And when I need further bolstering – when, for example, I reach that stage of grief everyone passes through at some point, where it starts to feel absolutely infuriating that your loved one is still dead, when you have missed them quite enough, they have proved that their absence really is a bad thing and it really is time that they came back, because carrying on like this is too hard, really beyond a joke – I stop buying new books and look to my library shelves. Not just the children’s section, though of course that is where any number of my strongest and favourite memories of Dad reside.

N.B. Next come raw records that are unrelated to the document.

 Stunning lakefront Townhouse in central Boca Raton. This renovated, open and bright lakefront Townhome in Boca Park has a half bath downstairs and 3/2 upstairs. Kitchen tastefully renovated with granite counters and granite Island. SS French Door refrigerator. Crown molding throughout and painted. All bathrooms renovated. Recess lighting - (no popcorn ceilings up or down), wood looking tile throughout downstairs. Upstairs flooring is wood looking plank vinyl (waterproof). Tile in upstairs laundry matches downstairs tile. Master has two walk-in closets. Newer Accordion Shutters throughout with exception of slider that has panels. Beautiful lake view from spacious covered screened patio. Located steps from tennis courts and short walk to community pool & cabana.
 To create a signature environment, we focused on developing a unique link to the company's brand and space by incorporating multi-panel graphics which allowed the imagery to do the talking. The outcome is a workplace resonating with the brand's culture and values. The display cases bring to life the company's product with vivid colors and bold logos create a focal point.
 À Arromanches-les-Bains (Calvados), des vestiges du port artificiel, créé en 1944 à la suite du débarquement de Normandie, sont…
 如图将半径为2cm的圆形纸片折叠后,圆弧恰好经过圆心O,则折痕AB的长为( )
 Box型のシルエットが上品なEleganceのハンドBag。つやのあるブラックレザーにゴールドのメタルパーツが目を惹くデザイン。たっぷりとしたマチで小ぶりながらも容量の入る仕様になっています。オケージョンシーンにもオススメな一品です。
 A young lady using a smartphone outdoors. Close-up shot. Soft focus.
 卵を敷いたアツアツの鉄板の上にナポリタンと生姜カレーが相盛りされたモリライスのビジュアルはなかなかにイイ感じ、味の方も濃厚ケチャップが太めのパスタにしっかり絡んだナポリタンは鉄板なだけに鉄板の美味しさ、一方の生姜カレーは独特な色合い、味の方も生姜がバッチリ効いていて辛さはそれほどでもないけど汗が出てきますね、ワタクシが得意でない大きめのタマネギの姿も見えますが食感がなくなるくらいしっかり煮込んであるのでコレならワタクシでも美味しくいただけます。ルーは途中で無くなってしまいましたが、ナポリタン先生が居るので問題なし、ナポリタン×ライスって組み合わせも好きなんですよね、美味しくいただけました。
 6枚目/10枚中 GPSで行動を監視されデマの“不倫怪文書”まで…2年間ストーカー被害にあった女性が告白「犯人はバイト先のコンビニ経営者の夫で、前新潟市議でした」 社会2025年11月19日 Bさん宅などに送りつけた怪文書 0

But Dad is there in adult books too. Murphy’s Boy by Torey Hayden was my first ever true-life tale. I tried to buy it after seeing the film based on it (Trapped in Silence, starring Marsha Mason and a very young Kiefer Sutherland, fact-fans), about a neglected child who refused to speak or communicate via other means in the wake of his abuse and was eventually “saved” by psychologist Hayden, who specialised in the phenomenon of elective mutism. It could be seen as a forerunner of the misery memoir, but, like most forerunners of popular trends, it is much better than the thing it became. It wasn’t available in England at the time, so Dad asked one of his American friends to buy it for me and, when she handed it over next time she visited, I literally could not believe it.

There’s also Grace Metalious’s proto-bonkbuster Peyton Place, reminding me of when I was seven or eight and first heard Jeannie C Reilly sing Harper Valley PTA. I had to take the line “Well, this is just a little Peyton Place and you’re all Harper Valley hypocrites” to Dad for elucidation, and he told me all about this very famous and bestselling book, which I pledged to myself I would read as soon as I was old enough. I forgot about it until I came across a battered copy in The Brazen Head bookshop in Norfolk and pounced. It was even better than the song.

The run of Philip Roth reminds me of one of our rare disagreements. I was home for the university holiday and Dad came across me reading the newly published American Pastoral. This was just after he had read Claire Bloom’s memoir Leaving a Doll’s House, in which she details her long relationship with the volatile, controlling and verbally abusive author. Dad felt that, at the very least, I should read his books in the light of this knowledge; or, maybe, choose not to read them at all. I, at 20, felt that I could – and should – separate the man from the art.

More upliftingly, I spy Sarah Perry’s The Essex Serpent – a complex, gentle, yet sinuous story about a woman freed by her violent older husband’s death to start life anew. She moves to the Essex marshes to follow her long-denied interest in palaeontology and give her autistic son the peace and freedom he needs. Her scientific mind finds a strange resonance with the local rector’s attempts to stop the village community turning from God to the supernatural when it appears that the monstrous folkloric serpent has returned to the marshes. I read it, loved it and passed it to Dad. It’s a book about all the different forms of love there can be, and how they enrich a life in different ways. When he returned it, he said he had thought it as wonderful as I did. I told him that some reviewers – perhaps because you don’t at any point actually get a scene in which a giant sea monster rises out of the waters and lays waste to a village – had dismissed it as a bit of a book about nothing. “But,” he said, frowning, “it’s about everything.” And that is why I loved him, and that is how he enriched my life too.